§ Problem statement
What lines of the data below hold the string "obras"? Copy each one out.

§ Information supplied
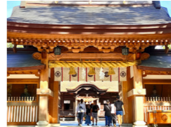
日本総鎮守大山祇神社

れ、戦勝を祈願する者たちが奉納した刀剣や武具類が宝物庫に保存展示されています。甲冑の保存は全国一で源頼朝、義仲、義経などの鎧が展示されています。平山郁夫美術館では瀬戸田で生まれ育った平山氏の芸術の原風景を発見してください。
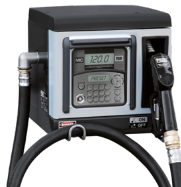
CUBE 70 MC
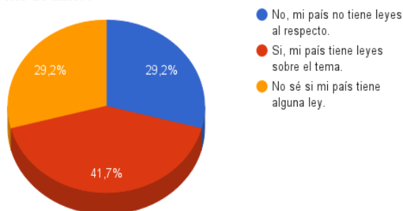
¿Su país tiene alguna ley que permita que las bibliotecas realicen reproducción de obras digitales sin pedir permiso al titular del derecho de autor?

Asimismo, a la pregunta ¿Su país tiene alguna ley que permita que las bibliotecas realicen suministro de obras digitales sin pedir permiso al titular del derecho de autor?, un 54.2% no sabe si existe regulación relacionada al tema, el 25% asegura que en El Salvador no existe este tipo de ley.
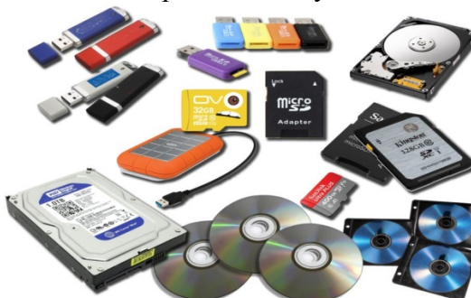
Рис. 3. Библиотека школы-интерната для глухих детей: цифровые носители

Обеспечение школ-интернатов видами УМЛ позволяют лучшему пониманию и осознанию содержания книги. Например, для учителей по предмету «Кыргызский язык» применяются в качестве методического пособия [12], в котором раскрываются этнопедагогические идеи Кыргызского национального фольклора, вопросы народного воспитания, виды, методы, принципы воспитания, способы их применения в учебно-воспитательной работе [13], определяющие речевую деятельность, виды, типы письменных работ, технологии обучения письму, нормативы, образцы и др. В книге изложены сущность, словосочетание, его использование, дальнейшая речевая и письменная деятельность ученика, дидактические требования к нему, его научная характеристика, теоретические и практические вопросы речевой, письменной деятельности, в том числе к сочинению, изложению, письму. С внедрением информационных компьютерных технологий, классно-урочную систему, являющуюся основной формой обучения, можно сделать более эффективной, интересной и практичной. К примеру, линия УМК «English 5-9» [14], созданная с учетом требований ГОС, предоставляет широкие возможности для создания инновационной образовательной
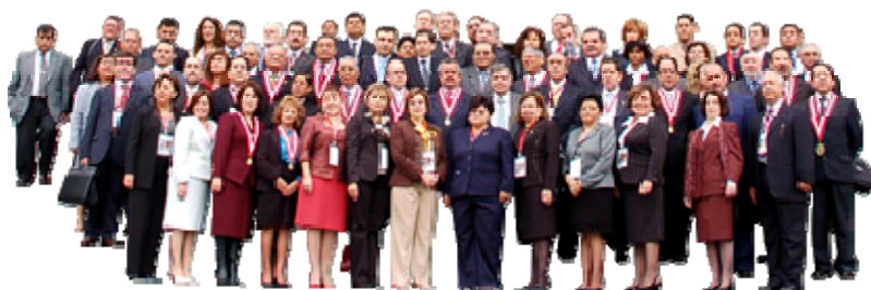
Participantes en la primera reunión preparatoria. XV edición

La metodología de trabajo de la Cumbre Judicial Iberoamericana consiste en la celebración, a lo largo de cada edición, de tres Reuniones Preparatorias, tres Rondas de Talleres y una Asamblea Plenaria final.
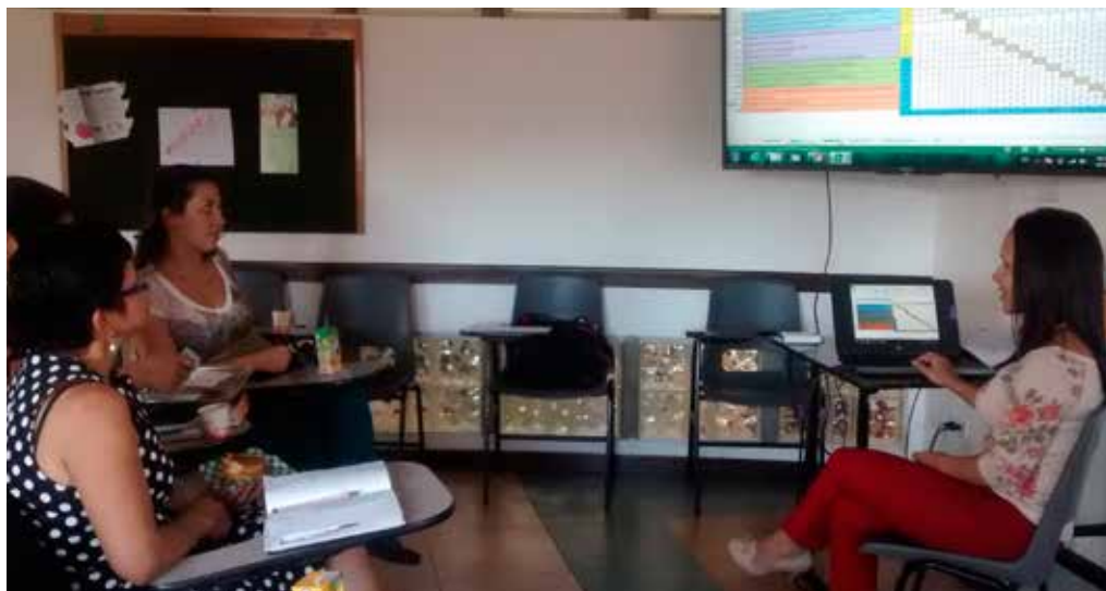
Red Marañón de Economía Solidaria de la Comuna 10.

§ The answer
¿Su país tiene alguna ley que permita que las bibliotecas realicen reproducción de obras digitales sin pedir permiso al titular del derecho de autor?
Asimismo, a la pregunta ¿Su país tiene alguna ley que permita que las bibliotecas realicen suministro de obras digitales sin pedir permiso al titular del derecho de autor?, un 54.2% no sabe si existe regulación relacionada al tema, el 25% asegura que en El Salvador no existe este tipo de ley.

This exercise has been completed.